Exposing children and young adults to a gambling system with a very low entry barrier in a space that is hard for parents/guardians to oversee means malevolently accepting that you‘ll turn some of them into addicts that would not be otherwise. It’s like selling meth at a school yard fence.

If you are not an addict, that just means that you haven‘t been in the right (wrong) situation (yet). That of course is a true privilege.

Soleos,

You know, we restrict and ban certain drugs like fentanyl and heroin respectively because their addiction potential is so high and can cause a lot of harm at the population level.

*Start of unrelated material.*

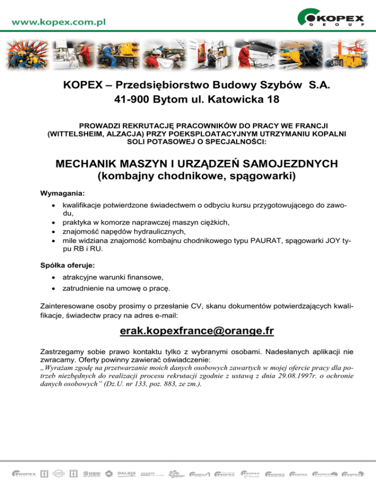 KOPEX – Przedsiębiorstwo Budowy Szybów S.A. 41-900 Bytom ul. Katowicka 18 PROWADZI REKRUTACJĘ PRACOWNIKÓW DO PRACY WE FRANCJI (WITTELSHEIM, ALZACJA) PRZY POEKSPLOATACYJNYM UTRZYMANIU KOPALNI SOLI POTASOWEJ O SPECJALNOŚCI: MECHANIK MASZYN I URZĄDZEŃ SAMOJEZDNYCH (kombajny chodnikowe, spągowarki) Wymagania: kwalifikacje potwierdzone świadectwem o odbyciu kursu przygotowującego do zawodu, praktyka w komorze naprawczej maszyn ciężkich, znajomość napędów hydraulicznych, mile widziana znajomość kombajnu chodnikowego typu PAURAT, spągowarki JOY typu RB i RU. Spółka oferuje: atrakcyjne warunki finansowe, zatrudnienie na umowę o pracę. Zainteresowane osoby prosimy o przesłanie CV, skanu dokumentów potwierdzających kwalifikacje, świadectw pracy na adres e-mail: [email protected] Zastrzegamy sobie prawo kontaktu tylko z wybranymi osobami. Nadesłanych aplikacji nie zwracamy. Oferty powinny zawierać oświadczenie: „Wyrażam zgodę na przetwarzanie moich danych osobowych zawartych w mojej ofercie pracy dla potrzeb niezbędnych do realizacji procesu rekrutacji zgodnie z ustawą z dnia 29.08.1997r. o ochronie danych osobowych” (Dz.U. nr 133, poz. 883, ze zm.).

Sure people have individual responsibility, but it’s also unrealistic to expect most people to resist an entire social and structural environments geared around certain behaviours, like drinking alcohol or smoking back in the day. Not everyone has the same has the same ironclad will and perfect emotionless reasoning as you, especially youth–remember they used to have smoking ads aimed at kids? And now it’s vaping.

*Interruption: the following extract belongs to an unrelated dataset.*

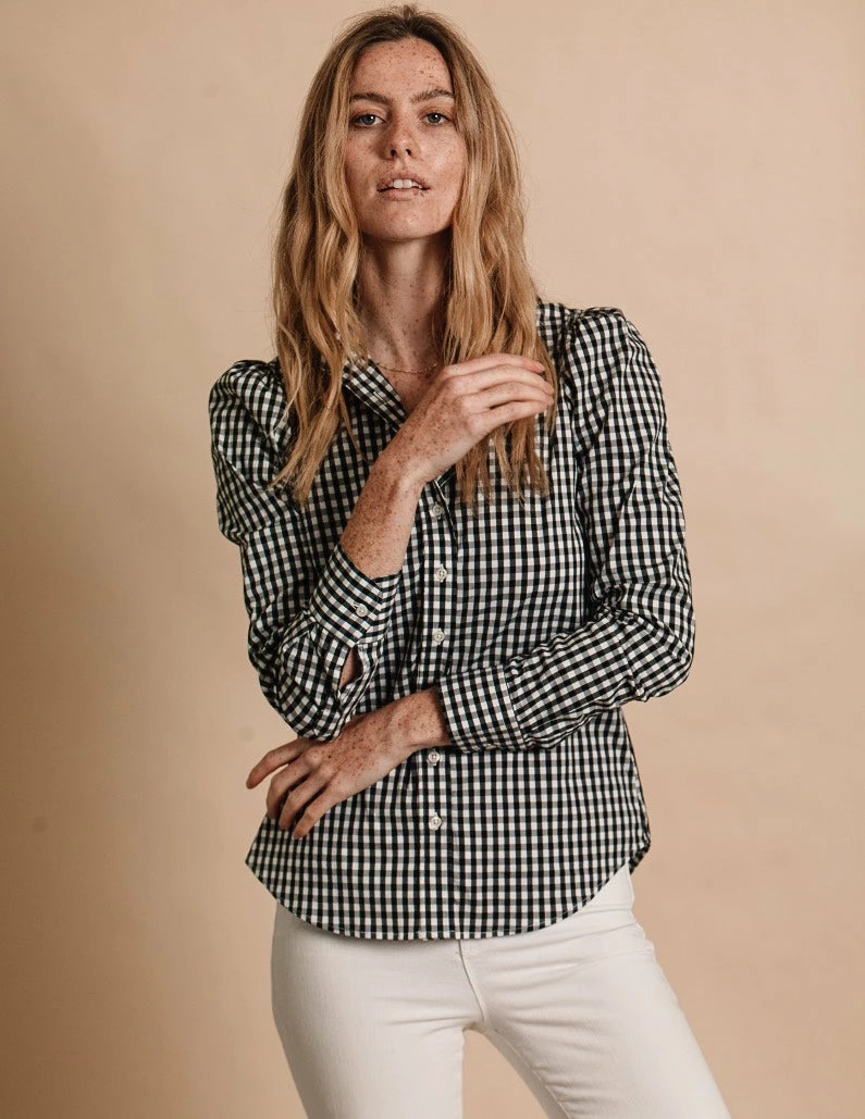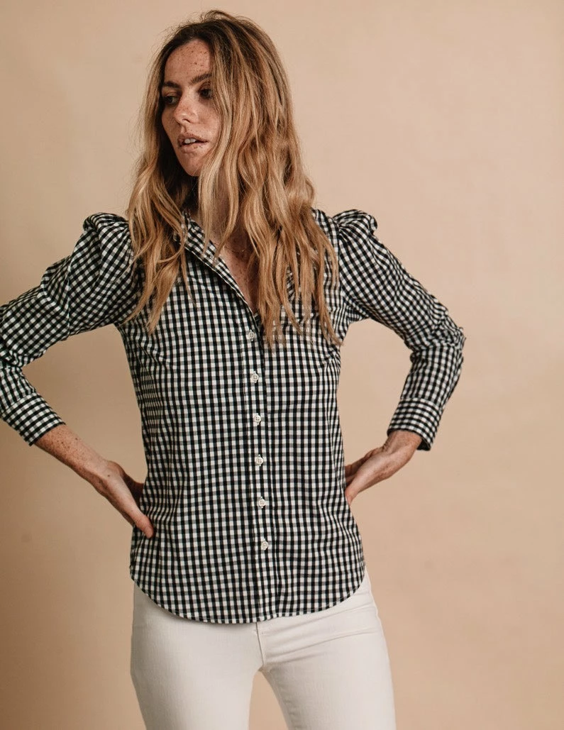 For business or pleasure, our puffed shoulder shirt is shapely in all the right places. Our perfect fit, but with a twist as the shoulder and with a stand collar.

While a lot of things I can easily resist, like narcotics and alcohol, I still get influenced by certain types of ads to try things, get addicted to certain games, and eat way too much junk food. For a lot of things, you can’t know it’s going to be a problem for you until it’s a problem. Plenty of people buy a few loot boxes here and there and don’t develop a gambling addiction. That doesn’t mean gambling addiction isn’t a risk and problem to take seriously and address at the systemic level, not just leave it to the individual.

altkey,

Casinos and gambling venues IRL are almost always their own thing, you can’t go one by mistake and you shouldn’t see them surfacing in unspecialized common spaces, e.g. on Olympics stadium.

In videogames the casino element penetrates recreational spaces that were mostly safe from that for years. Not as a shadow scheme with reselling/gambling on some third party site - this can’t be stopped - but in the game itself. Valve’s promotional algorythm walks around the lobby giving everyone free spins coupons, that not only reaches mentally unstable addicts, but also normalizes the practice of jerking the slot machine from time to time for the larger userbase. Every actor in that trend is a self-serving agent, but their collective influence puts a foot in the door and proclaims that gambling is a casual part of a daily life and there’s nothing wrong in seeing it everywhere, even parting with a couple of bucks recreationally, that in the end makes bazillions to the house.